2005 East Central Regional : Square Count

[wktang]

Did anyone solve the problem from 2005 East Central America regional contest problem F: Square Count?

http://acmicpc-live-archive.uva.es/nuev ... php?p=3377

I found that the problem statement contradicting:

No two rooms will overlap, though they may share a side.

And the judge's input contain overlapping rooms!!! I've solved the problem by not counting the shared blocks between overlapping rooms. I'm pretty sure that the judge's input should not contain any overlapping rooms, but I might be wrong... If you've solved this problem, I would love to hear what did you think when solving this problem.

[Darko]

I am not sure - I never assumed that rooms might overlap. When I read the rooms in, I added squares per each room to the count (and afterwards I looked for the ones that spanned two rooms). If some of them overlapped I would've had too many.
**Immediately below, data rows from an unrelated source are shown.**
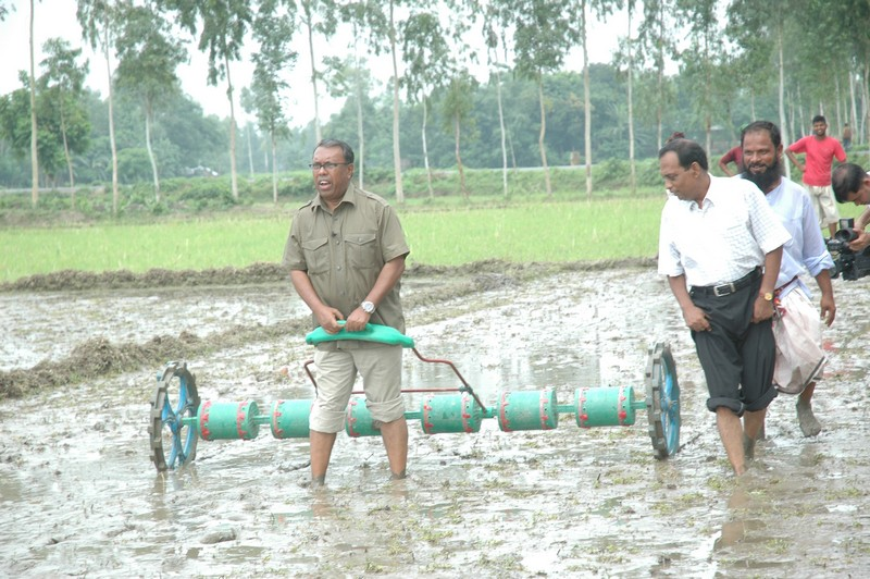 Promoting drum-seeder on electronic media. Creating awareness among farmers. Inspiring them to use this new technology.
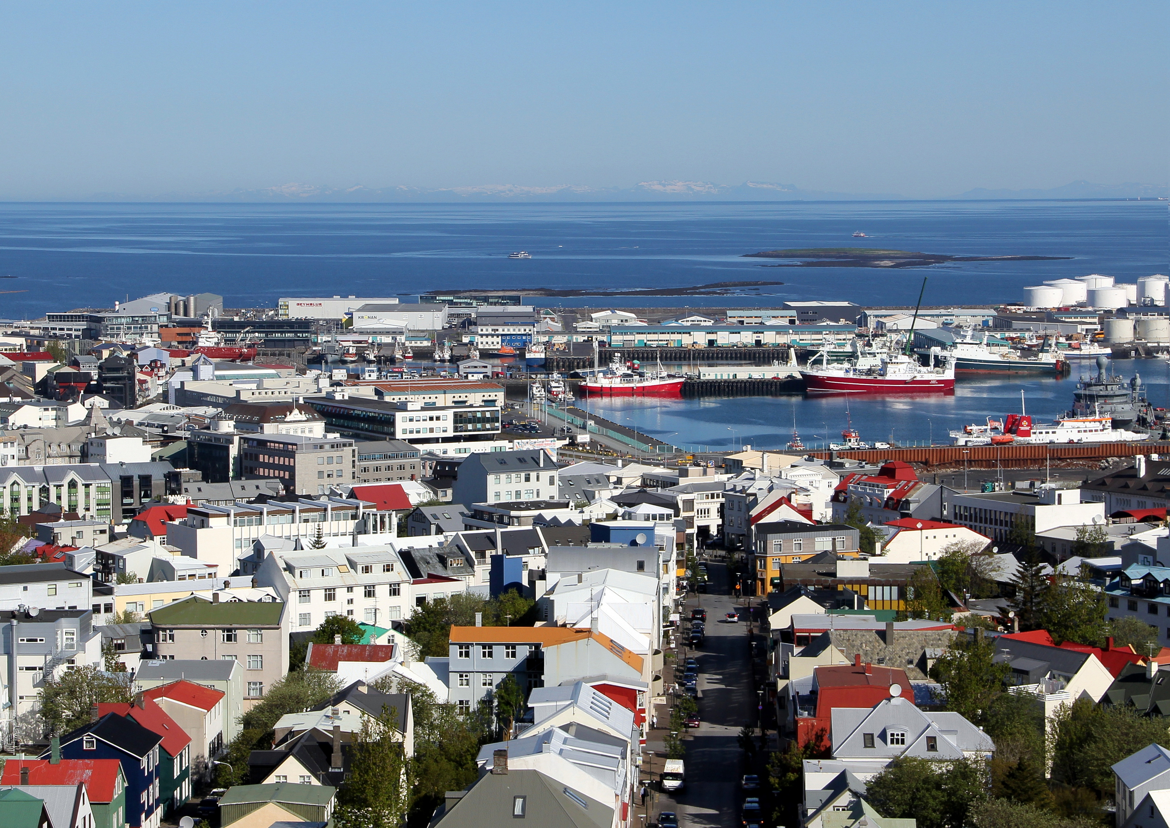 Central Reykjavík and harbour seen from Hallgrím’s church
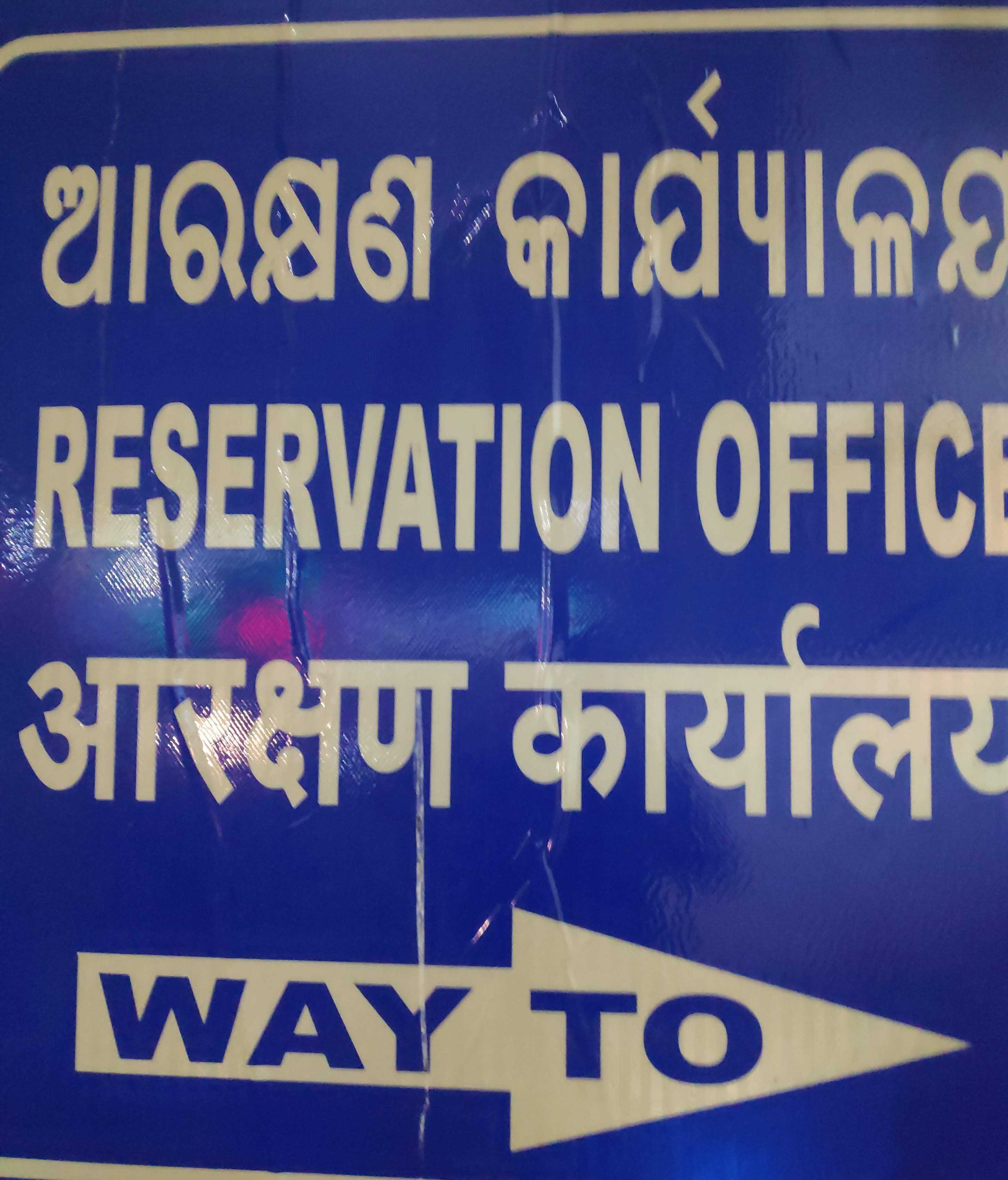 ଓଡ଼ିଆ: Trilingual Signboard in Odia, English, Hindi leading to Reservation Office

(By "overlap" I assume you mean - "a corner of one room is in the interior of another")

[wktang]

I obtained the sample input from the regional site:
http://acm.ashland.edu/2005/problem-set.html

I've got all test cases correct except for test cases 23-32 (which my output shows more room).

Here's what I found in the 23rd test case: (room in (x1, y1), (x2, y2) format)

Room 1 : (5542, 5201), (5583, 5152)
Room 446: (5484, 5274), (5555, 5175)

These 2 rooms are overlapping each other...

Darko, are you able to test the sample input from the site? I wonder if your output matches the sample output for test cases 23-32? ( since you said you never assumed that rooms might overlap. )

[Darko]

Interesting... they do overlap. And I do get the correct (or "correct") answer. But if rectangles overlap, my solution shouldn't give the right answer.

I probably had the same approach as the original solution. In representing my rectangles I take mins and maxes, then to find "common area", I compare min-max pairs, if they are equal, they share a side, then I count those squares (if shared side > 2)...

I'll just send you the code in a PM.